This comparison draws on each vendor’s current pricing and feature documentation plus independent research rather than sponsored placement. AI Productivity may earn a commission from links on this page; our editorial conclusions remain independent of any affiliate relationship.

Comparison Table: Raycast vs Alfred 2026

Raycast costs $10 per month with 1,300+ extensions and built-in AI, while Alfred costs $43 once and leads on macOS file search speed. The table below compares both launchers across the features that matter most in this complete Mac launcher comparison.

FeatureRaycastAlfred
Rating4.6/5-
PriceFree / Pro $10/mo ($8/mo annual)Free / Powerpack $43 one-time / Mega $75 one-time
AI FeaturesBuilt-in multi-provider AI (OpenAI, Claude, Perplexity, etc.)None (custom workflows can call APIs)
File SearchFunctional, not a strengthBest-in-class, significantly faster
Extensions1,300+ community extensionsHundreds of community workflows
Clipboard ManagerIncluded (unlimited on Pro)Powerpack required
PlatformmacOS, Windows (beta), iOSmacOS only
Pricing ModelSubscriptionOne-time purchase
Best ForDevelopers, AI users, teamsFile-heavy workflows, one-time purchase preference

Quick verdict: Choose Raycast for built-in AI, a vast extension library, and cross-platform sync. Choose Alfred for the fastest macOS file search, one-time pricing, and deep customization.

Raycast: The AI-Powered Launcher

Raycast homepage showcasing its AI-powered launcher interface
Raycast positions itself as the launcher for the AI era, with multi-model support built into the search bar.

Raycast is a keyboard-driven Mac launcher that pairs a command bar with built-in multi-provider AI, 1,300+ extensions, and cross-platform sync. Raycast launched in 2020 to replace macOS Spotlight and has grown into a full productivity platform - part launcher, part AI assistant, part team tool.

From one hotkey you can launch apps, search files, manage clipboard history, control windows, expand snippets, and talk to AI models.

What can Raycast AI do that Alfred cannot?
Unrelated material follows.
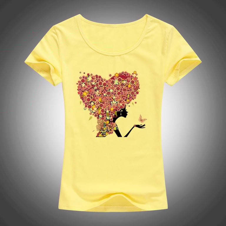 Camiseta de mujer con estampado de corazón - amarilla

This is where the raycast vs alfred gap is widest in 2026. Raycast’s own AI documentation states that “Raycast AI brings the power of artificial intelligence right at your fingertips” - AI is launcher-native rather than a separate app, woven into the experience:

Raycast AI interface with multi-model selection
Raycast AI supports OpenAI, Anthropic, Perplexity, Mistral, Google, and xAI models from the launcher.
  • Multi-model AI access - Switch between OpenAI, Anthropic (Claude), Perplexity, Mistral, Google, and xAI models mid-conversation, picking the right one without opening a browser.
  • Bring Your Own Key (BYOK) - Use your own API keys for unlimited AI queries at API cost instead of Raycast’s usage limits, eliminating double-paying.
  • Local models via Ollama - Run 100+ open-source models locally with zero cloud dependency.
  • AI Extensions Beta - Chain AI capabilities into natural language workflows, such as summarizing a GitHub PR and drafting a Slack message.
  • Reasoning models - Access OpenAI o3-mini and Claude 3.7 Sonnet for complex problem-solving from the launcher.
  • Auto Transcribe - Powered by Granola integration for automated meeting notes.
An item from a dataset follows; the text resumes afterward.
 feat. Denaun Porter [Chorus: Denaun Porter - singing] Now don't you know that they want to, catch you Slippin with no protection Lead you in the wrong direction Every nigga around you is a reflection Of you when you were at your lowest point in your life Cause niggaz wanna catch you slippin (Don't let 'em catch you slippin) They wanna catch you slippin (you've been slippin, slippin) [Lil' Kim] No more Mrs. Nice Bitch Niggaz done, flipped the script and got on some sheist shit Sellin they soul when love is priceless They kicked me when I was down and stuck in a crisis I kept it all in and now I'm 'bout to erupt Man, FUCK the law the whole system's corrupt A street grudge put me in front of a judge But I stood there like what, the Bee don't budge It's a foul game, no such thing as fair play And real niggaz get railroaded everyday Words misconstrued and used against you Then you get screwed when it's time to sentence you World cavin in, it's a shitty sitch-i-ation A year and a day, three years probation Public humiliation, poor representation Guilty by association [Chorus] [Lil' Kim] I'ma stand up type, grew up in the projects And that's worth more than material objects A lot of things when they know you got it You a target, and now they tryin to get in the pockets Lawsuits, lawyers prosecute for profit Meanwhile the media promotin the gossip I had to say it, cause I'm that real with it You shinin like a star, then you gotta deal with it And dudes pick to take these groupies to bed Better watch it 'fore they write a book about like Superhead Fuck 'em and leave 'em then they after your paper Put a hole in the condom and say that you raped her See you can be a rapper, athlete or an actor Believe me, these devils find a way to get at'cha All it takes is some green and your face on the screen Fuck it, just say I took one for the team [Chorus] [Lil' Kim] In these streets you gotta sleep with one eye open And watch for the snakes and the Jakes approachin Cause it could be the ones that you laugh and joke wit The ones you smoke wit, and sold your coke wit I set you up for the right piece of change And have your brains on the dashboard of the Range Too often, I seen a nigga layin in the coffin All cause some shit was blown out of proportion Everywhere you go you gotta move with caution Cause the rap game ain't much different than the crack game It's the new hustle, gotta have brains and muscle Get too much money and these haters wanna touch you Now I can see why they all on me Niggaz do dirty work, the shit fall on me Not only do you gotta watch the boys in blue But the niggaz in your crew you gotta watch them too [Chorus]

The free tier includes 50 AI messages per month - enough to evaluate, not for daily use. Pro ($10 per month) unlocks unlimited AI messages, and the Advanced AI add-on provides premium models.

Raycast Extension Ecosystem

Raycast’s 1,300+ community-built extensions cover GitHub, Jira, Linear, VS Code, Docker, Notion, Slack, Figma, and hundreds more. Built with Node.js and React, extensions are easy for developers to create, which keeps the ecosystem growing fast.
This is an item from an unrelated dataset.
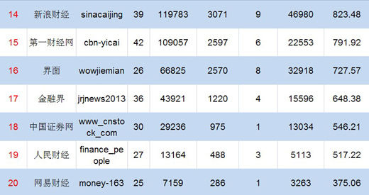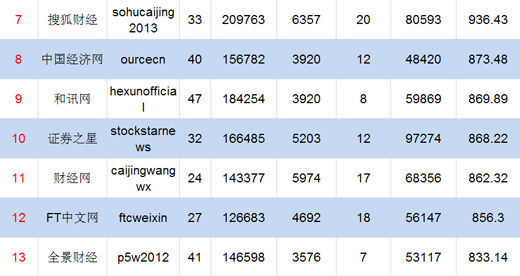 财经媒体微信号周榜单发布 网媒热门文章阅读数超纸媒

Each extension eliminates an app switch - check a GitHub PR, create a Jira ticket, or search Notion pages from the same bar.

Raycast Pricing

Raycast pricing starts free and rises to $10 per month for Pro, with Teams and Enterprise tiers above that.

  • Free - Core launcher, 50 AI messages/month, 5 Notes, 3-month clipboard history, full extension access
  • Pro ($10 per month, $8 per month annual) - Unlimited AI messages, unlimited clipboard history, cloud sync, custom themes, translator, unlimited Notes
  • Pro + Advanced AI - Pro plus premium AI models, BYOK support, local models via Ollama
  • Teams ($12-15/month per user) - Shared commands, quicklinks, snippets, AI for all members
  • Enterprise - SOC2 Type II compliance, AI Control Center, custom pricing

Limitations: File search is Raycast’s most-cited weakness, lagging Alfred on large vaults. Other downsides include the subscription model, a mandatory cloud account for sync, cloud-dependent AI (unless self-hosted via Ollama), and a Windows beta that trails macOS.

Rating: 4.6/5

Alfred: The File Search Champion

Alfred homepage highlighting its Powerpack features and file search capabilities
Alfred has been the macOS launcher standard since 2010, with Powerpack adding clipboard history and workflows.

Alfred is a macOS-only launcher, built since 2010 by a small UK team, that prioritizes best-in-class file search and one-time pricing over AI features. Where Raycast bets on AI and a growing platform, Alfred bets on doing fewer things exceptionally well.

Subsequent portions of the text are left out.